* _SOURCE MATERIAL_

BEGIN

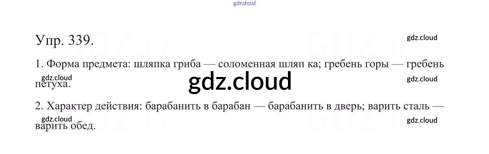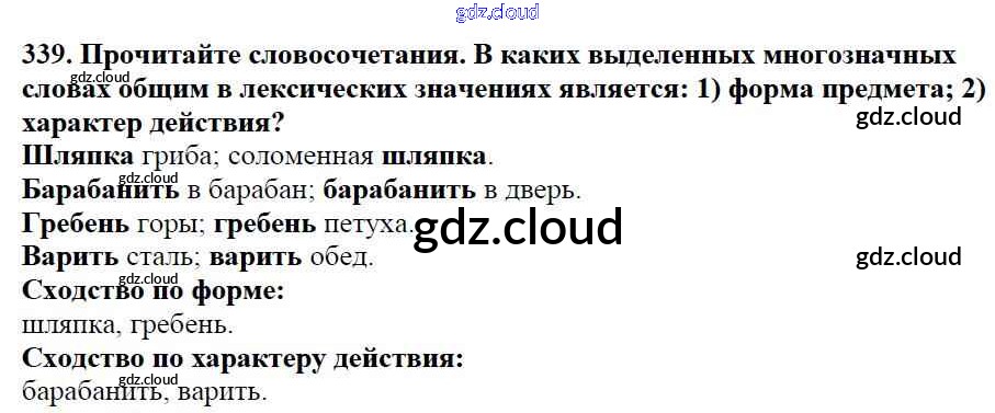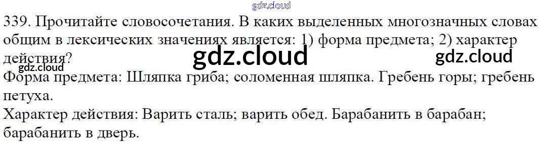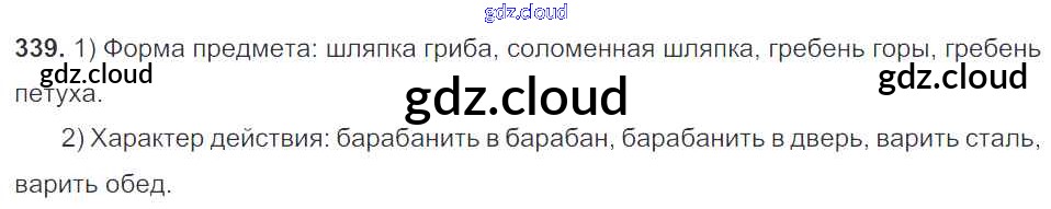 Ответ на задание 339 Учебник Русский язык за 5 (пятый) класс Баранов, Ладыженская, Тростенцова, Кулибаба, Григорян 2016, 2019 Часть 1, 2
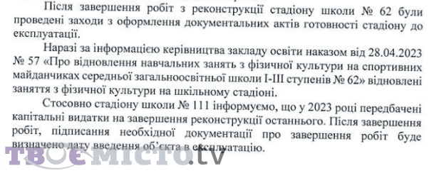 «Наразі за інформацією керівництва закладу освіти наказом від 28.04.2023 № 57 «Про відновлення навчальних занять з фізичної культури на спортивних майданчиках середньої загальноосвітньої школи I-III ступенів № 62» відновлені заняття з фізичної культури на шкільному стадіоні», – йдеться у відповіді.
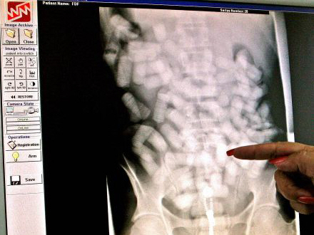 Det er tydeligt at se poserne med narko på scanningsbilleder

END
BEGIN

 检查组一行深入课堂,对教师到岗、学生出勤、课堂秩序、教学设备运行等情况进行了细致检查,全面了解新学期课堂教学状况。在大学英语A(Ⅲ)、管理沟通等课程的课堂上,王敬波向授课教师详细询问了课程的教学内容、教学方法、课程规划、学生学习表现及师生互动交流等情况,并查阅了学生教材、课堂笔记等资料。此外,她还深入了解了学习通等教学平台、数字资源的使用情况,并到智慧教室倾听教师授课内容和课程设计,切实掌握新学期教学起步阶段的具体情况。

END

* _ACTIVITY_
Taking the entries above, extract every line from the one bearing "йдеться у відповіді." through the one bearing "Det er tydeligt", exactly, with no pictures.

* _ANSWER TO THIS TASK_
 «Наразі за інформацією керівництва закладу освіти наказом від 28.04.2023 № 57 «Про відновлення навчальних занять з фізичної культури на спортивних майданчиках середньої загальноосвітньої школи I-III ступенів № 62» відновлені заняття з фізичної культури на шкільному стадіоні», – йдеться у відповіді.
 Det er tydeligt at se poserne med narko på scanningsbilleder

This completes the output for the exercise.